Second, PATH switching triggers drift. You SSH in, run nvm use 25 or open a fnm-enabled shell, then execute openclaw update. On builds before 5.20, follow-up hooks—doctor, plugin repair, gateway restart—ran under the new PATH node, not the node launchd was still configured to use. If the global npm prefix moved with that Node, the plist may now point at an nvm shim while your production Gateway was installed under Homebrew’s prefix. The tarball version can be correct; the supervised process cannot start.

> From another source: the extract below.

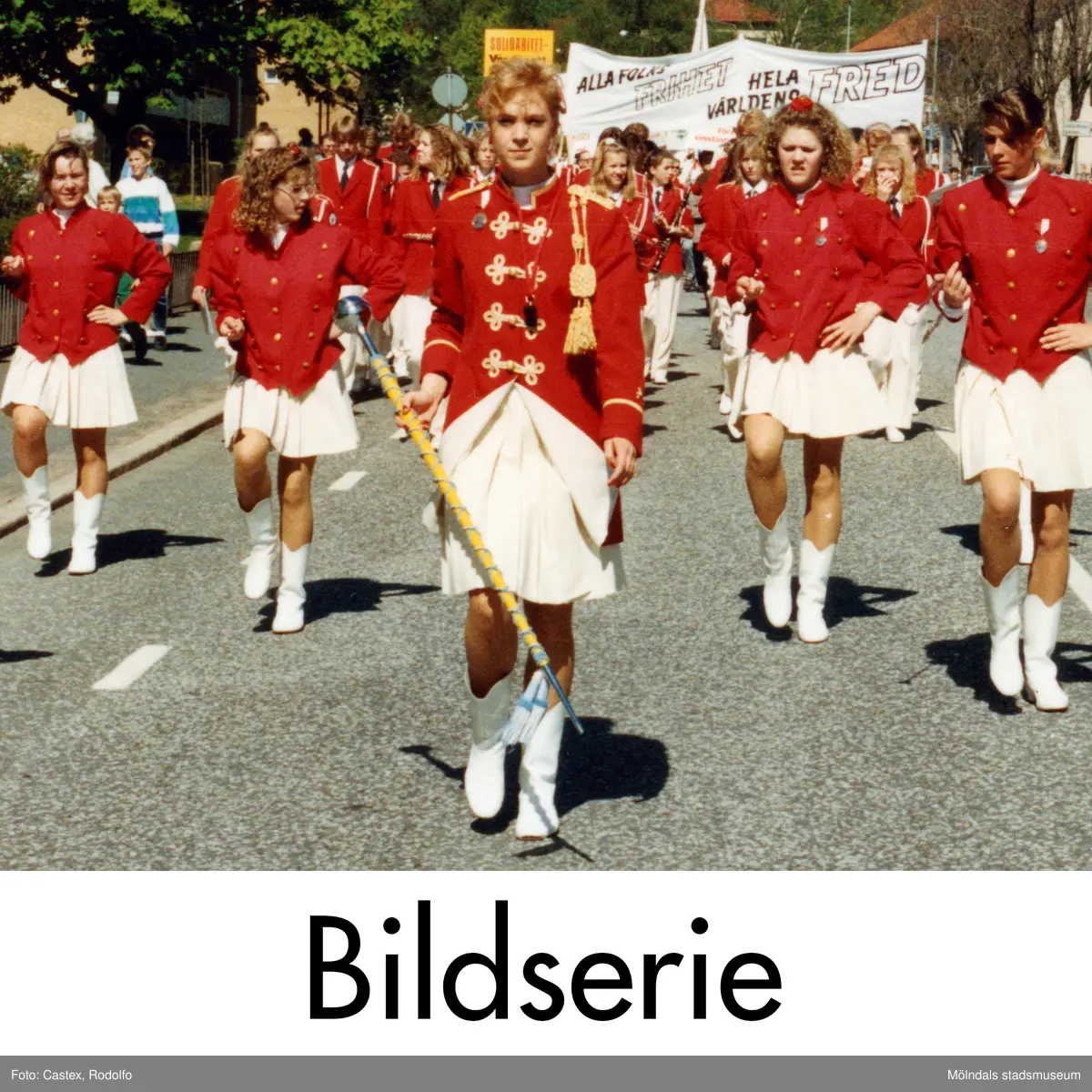 Serie om 12 fotografier som visar Mölndals Paradorkester i ett demonstrationståg på Häradsgatan i Bosgården, Mölndal, den 1 maj 1990. I serien ingår även ett grupporträtt av orkestern taget i stadshusparken samt några bilder när de underhåller med musik på samma plats.

Third, distinguish this from a fake upgrade. Fake upgrade means CLI reports 5.20 while the running Gateway process is still 5.12—the PID never switched builds. Node drift means CLI and gateway status --json may both say 5.20, yet launchd crashes because engines.node requirements fail on the wrong major, native modules mismatch, or the openclaw entry script lives under a prefix the baked node cannot resolve. Symptoms overlap: WebSocket handshake failures, RPC timeouts, spurious unauthorized—but the fix is runtime alignment, not another npm install -g from your laptop shell.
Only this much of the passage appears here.